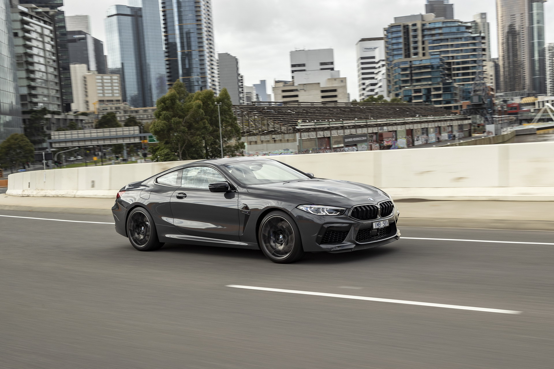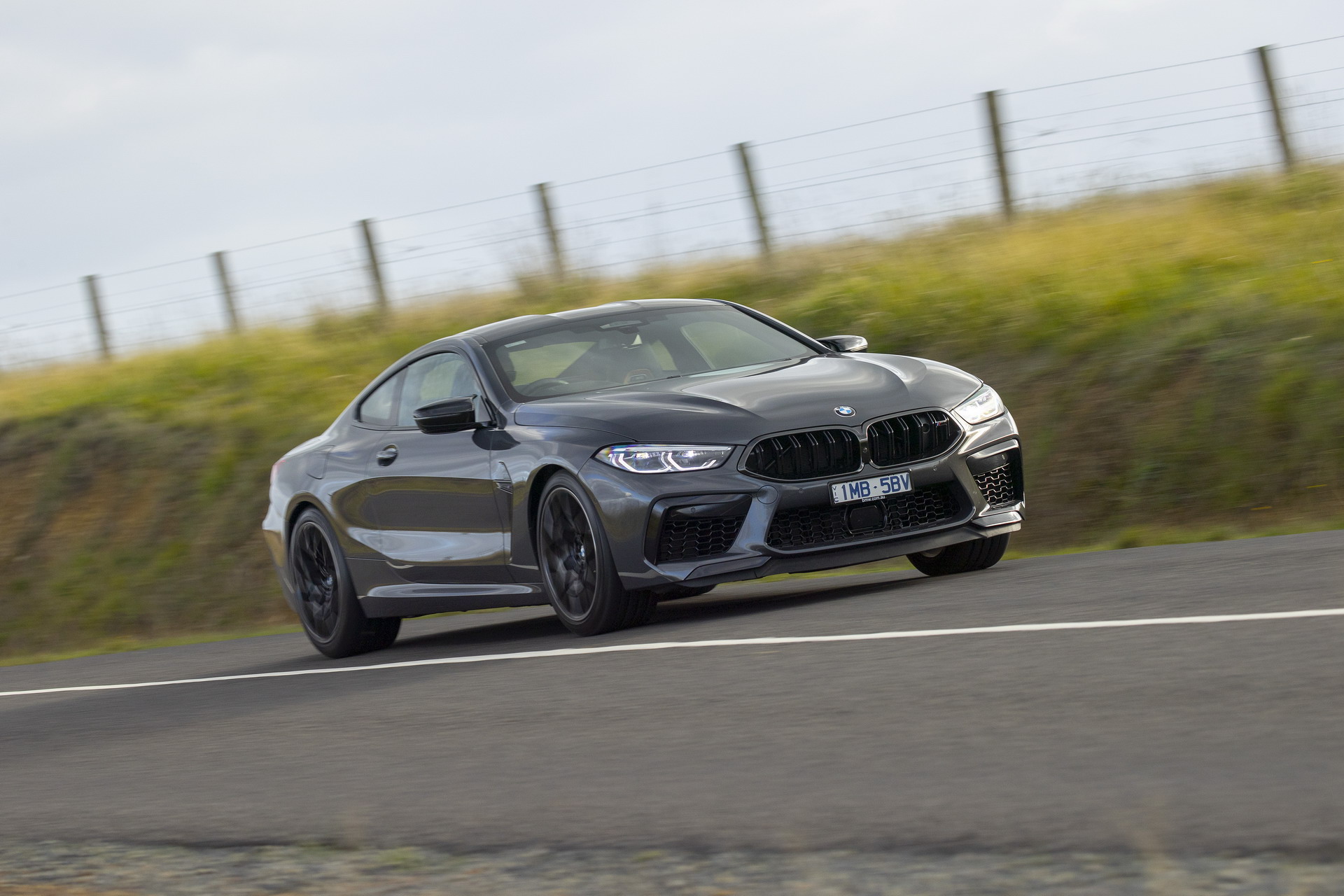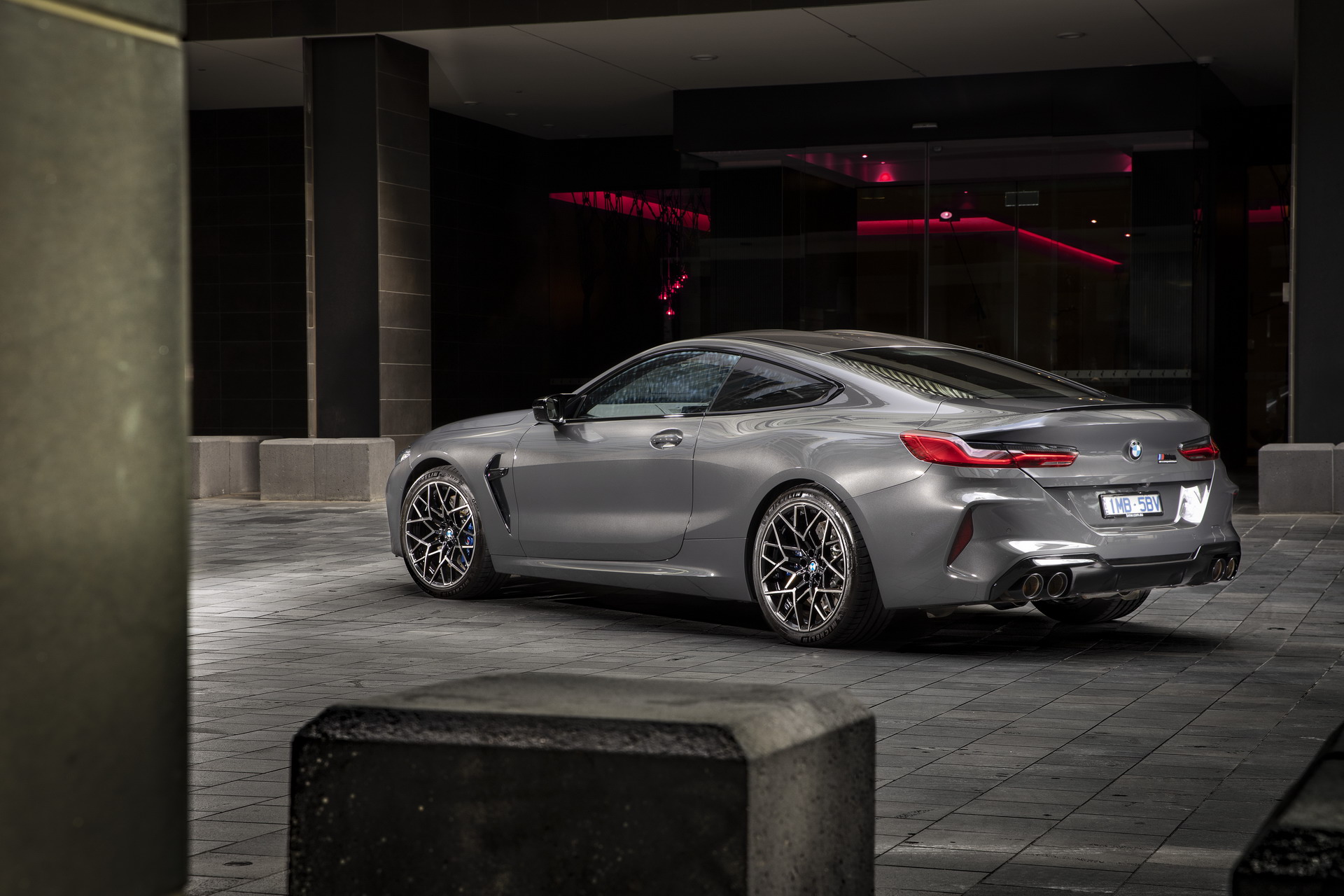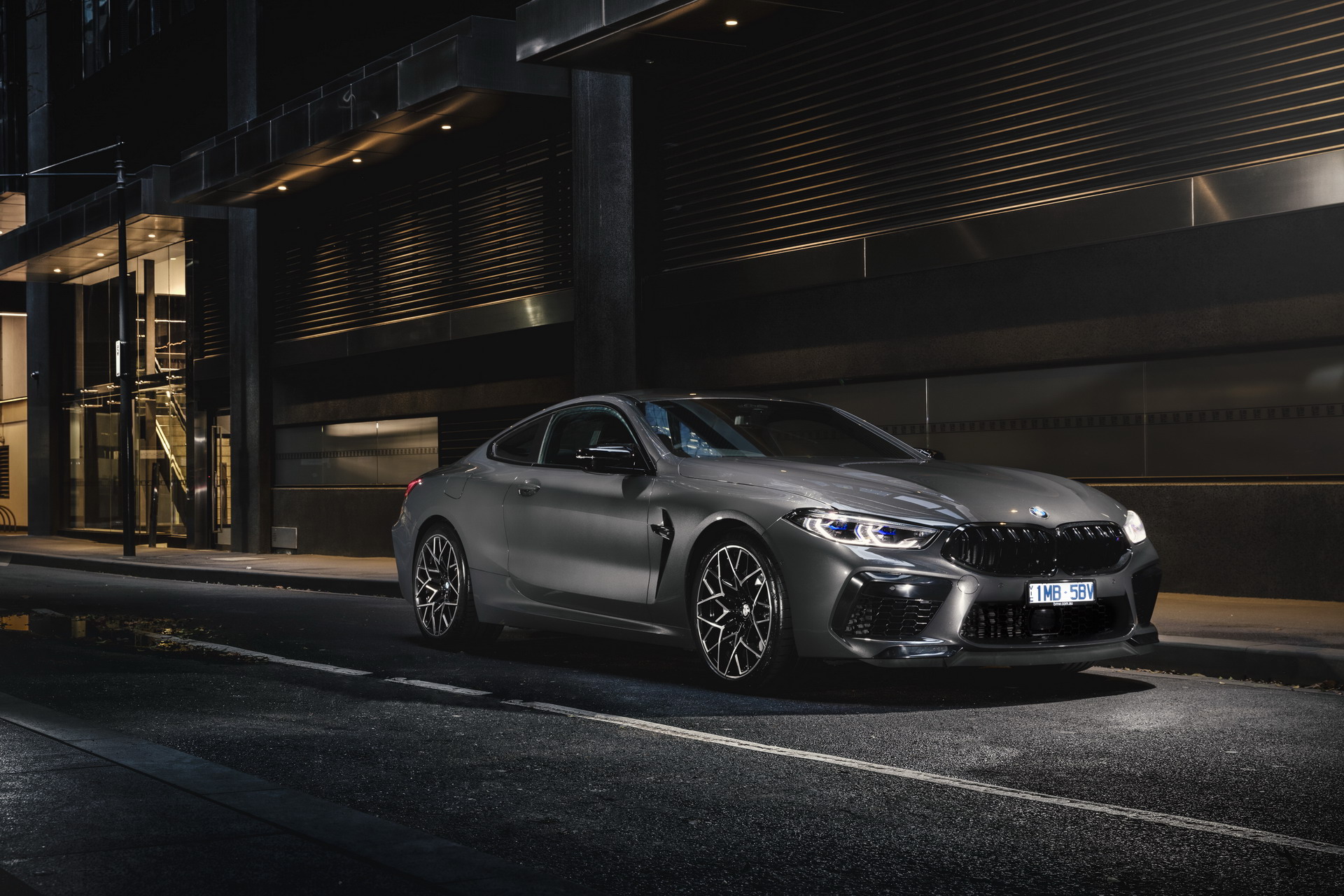 Von der Präsentation des BMW M8 Competition Coupé in Australien erreichen uns einige weitere Fotos, die uns den Luxussportler im Tageslicht und auch bei Nacht zeigen. Interessant sind die Bilder auch dank der dunkelgrauen Metallic-Lackierung in Brands Hatch Grey, die wir bisher nur selten am BMW M8 F92 zu sehen bekommen haben. In Verbindung mit den schwarzen Exterieur-Details der Competition-Modelle ergibt sich ein Auftritt, der komplett auf laute Farben verzichtet und dadurch eine noch stärkere Fokussierung auf die muskulösen Formen des Coupés ermöglicht.
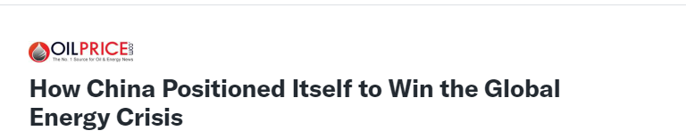 与此同时,雅虎财经也发文称,当前正在经历的能源危机很可能推动全球清洁能源转型加速,因为飞涨的油气价格将使风能和太阳能相较之下更加便宜和可靠。文章说,这一形势对中国来说是个重大利好消息。多年来,中国一直在全球范围内引领清洁能源领域的发展,如今正努力成为世界上首个“电能国家”。全球加速的清洁能源转型将依赖中国的供应链,因为中国目前有着全球绝大多数太阳能电池板、风力涡轮机、电池和电动汽车。
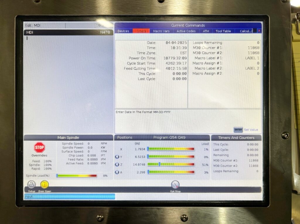 Haas NextGen Control, Haas HA5C Indexer, 4th Axis Drive & Wiring, Renishaw Probing, Side-Mount Tool Changer, 12,000 RPM, High-Speed Machining, Programmable Coolant, Chip Auger, Chip Tray Filter Kit, VPS Editing, Rigid Tapping
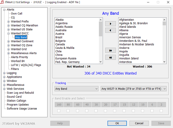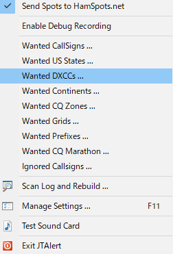 (3)未交信のDXCC Entitiesと交信が完了した場合 JTAlertのSettingsからWanted DXCCをクリックします。 |
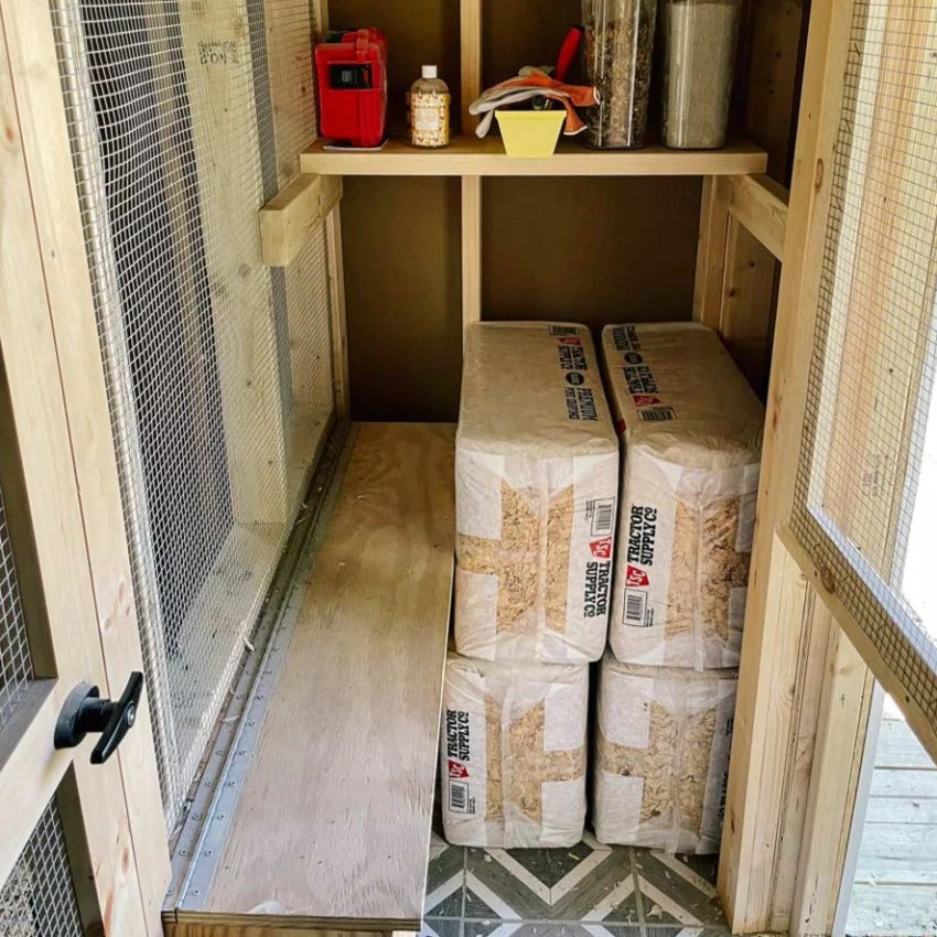 All of our coops have our signature Clean-Out-The-Coop Door™. This 10”x3’ door is an opening by the floor of the coop that allows for easy clean out of the shavings/debris from your coop. Another feature that contributes to cleanliness is our attention to detail, in that owners never have to enter their coop to either gather eggs or open the run.
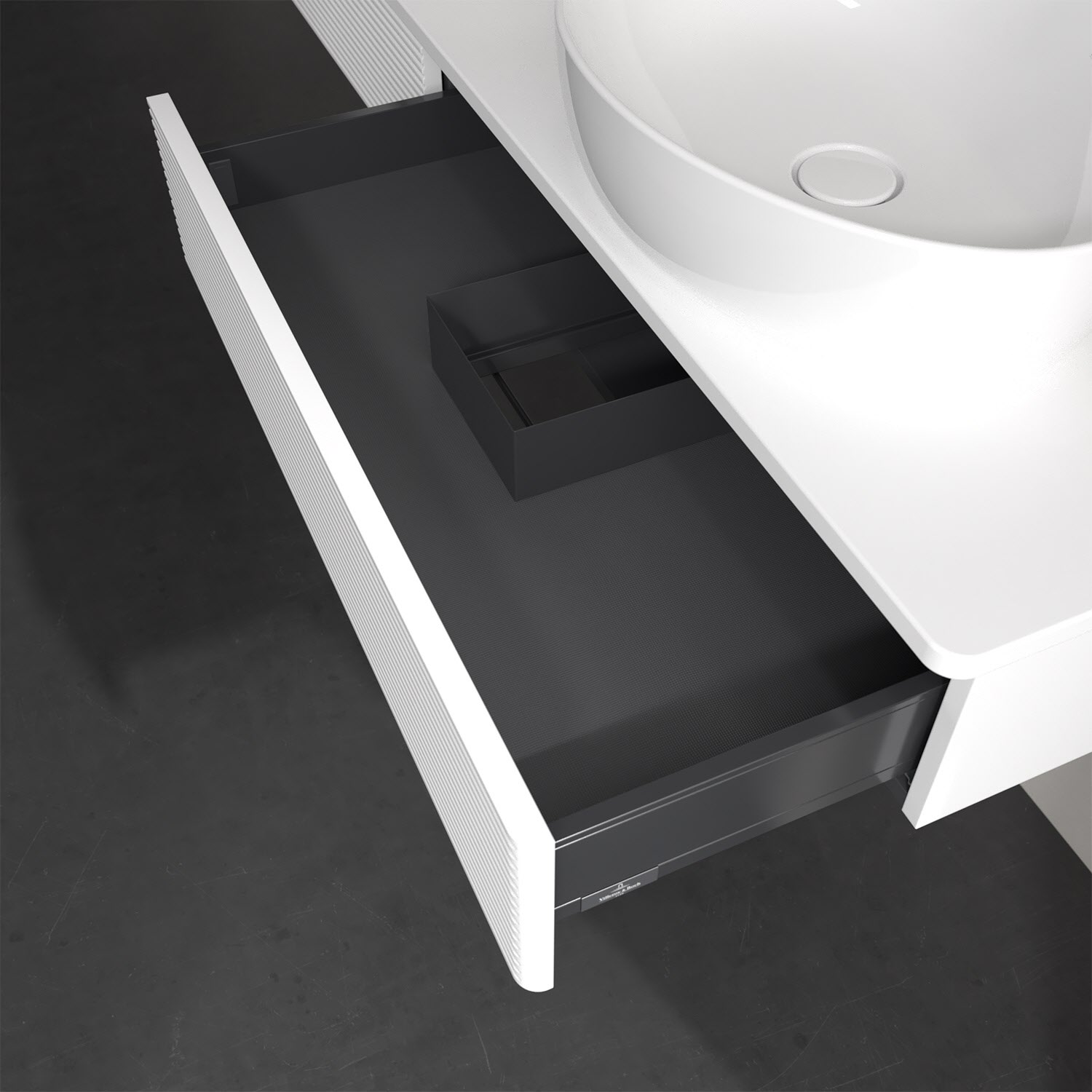 - kein Umfallen oder Verrutschen von Pflegeprodukten in den Schubladen dank rutschhemmendem Boden
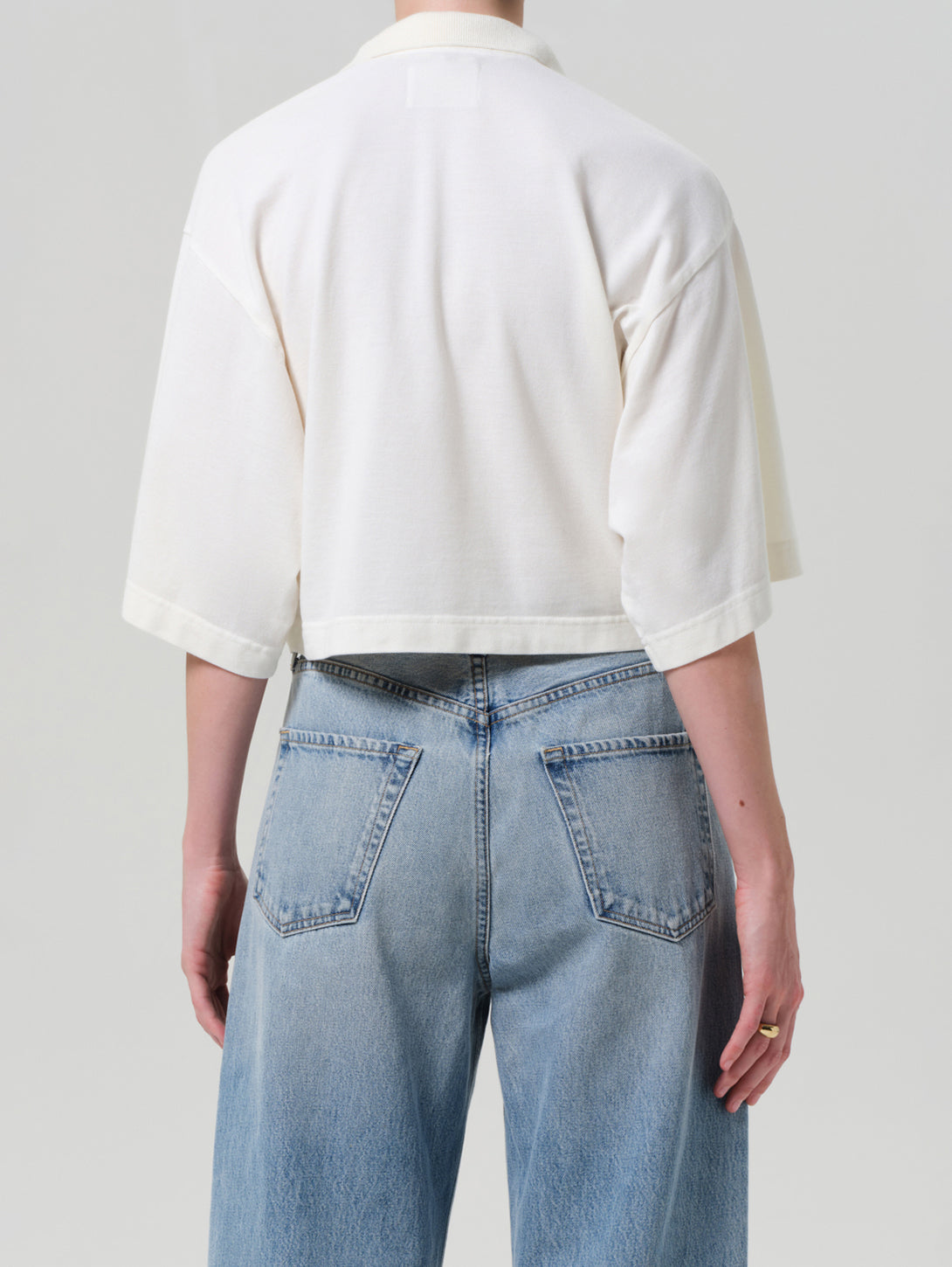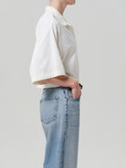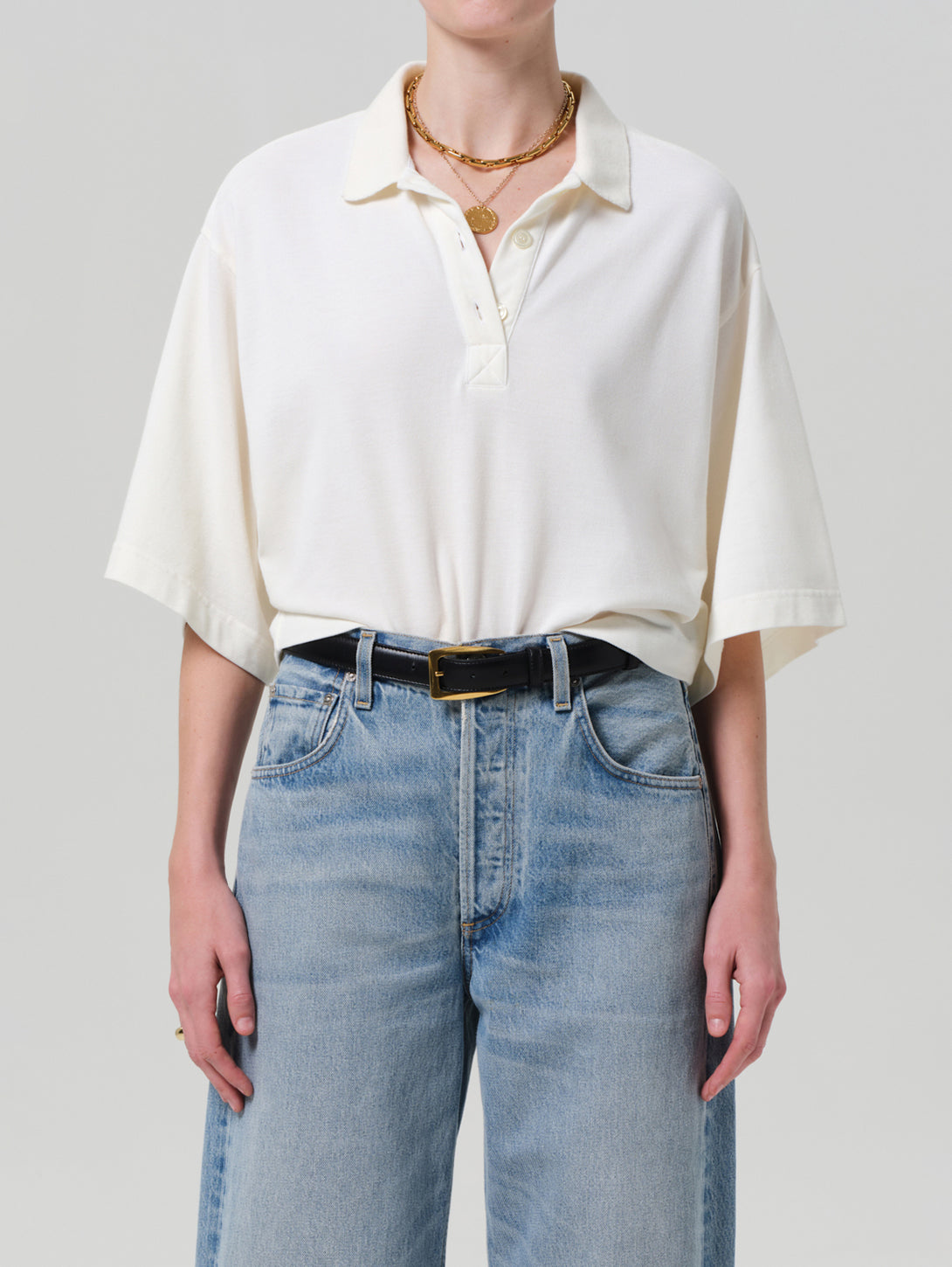 The Lowen Polo reimagines a classic menswear style with a feminine twist. This oversized polo features elongated, flowy sleeves and a cropped fit, offering a relaxed yet polished silhouette. Crafted from breathable pique fabric, it's the perfect balance of comfort and style. Pair with shorts for a laid-back, effortlessly chic look that's ideal for warmer days.
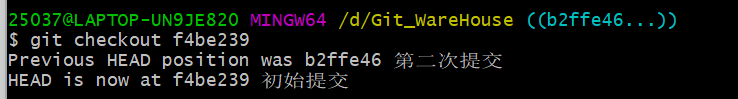 执行git checkout f4be239 (回滚到初始提交)
────────────────────
Work task:
Every line of the listing above is to be repeated exactly, with its pictures left out.

Output for this task:
 Von der Präsentation des BMW M8 Competition Coupé in Australien erreichen uns einige weitere Fotos, die uns den Luxussportler im Tageslicht und auch bei Nacht zeigen. Interessant sind die Bilder auch dank der dunkelgrauen Metallic-Lackierung in Brands Hatch Grey, die wir bisher nur selten am BMW M8 F92 zu sehen bekommen haben. In Verbindung mit den schwarzen Exterieur-Details der Competition-Modelle ergibt sich ein Auftritt, der komplett auf laute Farben verzichtet und dadurch eine noch stärkere Fokussierung auf die muskulösen Formen des Coupés ermöglicht.
 与此同时,雅虎财经也发文称,当前正在经历的能源危机很可能推动全球清洁能源转型加速,因为飞涨的油气价格将使风能和太阳能相较之下更加便宜和可靠。文章说,这一形势对中国来说是个重大利好消息。多年来,中国一直在全球范围内引领清洁能源领域的发展,如今正努力成为世界上首个“电能国家”。全球加速的清洁能源转型将依赖中国的供应链,因为中国目前有着全球绝大多数太阳能电池板、风力涡轮机、电池和电动汽车。
 Haas NextGen Control, Haas HA5C Indexer, 4th Axis Drive & Wiring, Renishaw Probing, Side-Mount Tool Changer, 12,000 RPM, High-Speed Machining, Programmable Coolant, Chip Auger, Chip Tray Filter Kit, VPS Editing, Rigid Tapping
 (3)未交信のDXCC Entitiesと交信が完了した場合 JTAlertのSettingsからWanted DXCCをクリックします。 |
 All of our coops have our signature Clean-Out-The-Coop Door™. This 10”x3’ door is an opening by the floor of the coop that allows for easy clean out of the shavings/debris from your coop. Another feature that contributes to cleanliness is our attention to detail, in that owners never have to enter their coop to either gather eggs or open the run.
 - kein Umfallen oder Verrutschen von Pflegeprodukten in den Schubladen dank rutschhemmendem Boden
 The Lowen Polo reimagines a classic menswear style with a feminine twist. This oversized polo features elongated, flowy sleeves and a cropped fit, offering a relaxed yet polished silhouette. Crafted from breathable pique fabric, it's the perfect balance of comfort and style. Pair with shorts for a laid-back, effortlessly chic look that's ideal for warmer days.
 执行git checkout f4be239 (回滚到初始提交)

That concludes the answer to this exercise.